▶ [What needs to be done] Find the line that contains "前一个交易日,白盘时段,银价"; then retype it and each line after it, exactly, through the final line of the data below.

▶ [Exercise material]
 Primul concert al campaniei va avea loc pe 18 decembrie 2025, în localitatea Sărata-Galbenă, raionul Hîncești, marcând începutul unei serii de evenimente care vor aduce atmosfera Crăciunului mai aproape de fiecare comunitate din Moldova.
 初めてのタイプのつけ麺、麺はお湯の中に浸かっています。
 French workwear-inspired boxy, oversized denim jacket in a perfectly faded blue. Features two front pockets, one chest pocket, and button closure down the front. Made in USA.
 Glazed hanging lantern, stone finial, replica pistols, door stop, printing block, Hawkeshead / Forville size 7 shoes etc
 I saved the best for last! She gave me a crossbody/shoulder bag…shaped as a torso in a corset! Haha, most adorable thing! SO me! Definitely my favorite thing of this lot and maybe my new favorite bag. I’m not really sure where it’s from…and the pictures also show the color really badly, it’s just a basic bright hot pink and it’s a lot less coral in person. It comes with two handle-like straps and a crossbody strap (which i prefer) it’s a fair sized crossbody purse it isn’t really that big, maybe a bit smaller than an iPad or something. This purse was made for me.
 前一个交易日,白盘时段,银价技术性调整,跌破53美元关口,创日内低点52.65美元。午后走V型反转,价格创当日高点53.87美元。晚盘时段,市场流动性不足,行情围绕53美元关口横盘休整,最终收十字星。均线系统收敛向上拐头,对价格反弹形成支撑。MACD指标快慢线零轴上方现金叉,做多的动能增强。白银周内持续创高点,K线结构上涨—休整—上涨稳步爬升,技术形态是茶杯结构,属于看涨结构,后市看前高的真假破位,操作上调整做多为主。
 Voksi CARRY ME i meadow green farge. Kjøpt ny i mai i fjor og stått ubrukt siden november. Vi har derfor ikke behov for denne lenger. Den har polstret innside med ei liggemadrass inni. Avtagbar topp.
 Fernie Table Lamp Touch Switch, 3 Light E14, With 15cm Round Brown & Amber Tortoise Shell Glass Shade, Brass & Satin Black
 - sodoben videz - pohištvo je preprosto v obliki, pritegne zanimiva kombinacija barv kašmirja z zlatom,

▶ [Answer to the problem]
 前一个交易日,白盘时段,银价技术性调整,跌破53美元关口,创日内低点52.65美元。午后走V型反转,价格创当日高点53.87美元。晚盘时段,市场流动性不足,行情围绕53美元关口横盘休整,最终收十字星。均线系统收敛向上拐头,对价格反弹形成支撑。MACD指标快慢线零轴上方现金叉,做多的动能增强。白银周内持续创高点,K线结构上涨—休整—上涨稳步爬升,技术形态是茶杯结构,属于看涨结构,后市看前高的真假破位,操作上调整做多为主。
 Voksi CARRY ME i meadow green farge. Kjøpt ny i mai i fjor og stått ubrukt siden november. Vi har derfor ikke behov for denne lenger. Den har polstret innside med ei liggemadrass inni. Avtagbar topp.
 Fernie Table Lamp Touch Switch, 3 Light E14, With 15cm Round Brown & Amber Tortoise Shell Glass Shade, Brass & Satin Black
 - sodoben videz - pohištvo je preprosto v obliki, pritegne zanimiva kombinacija barv kašmirja z zlatom,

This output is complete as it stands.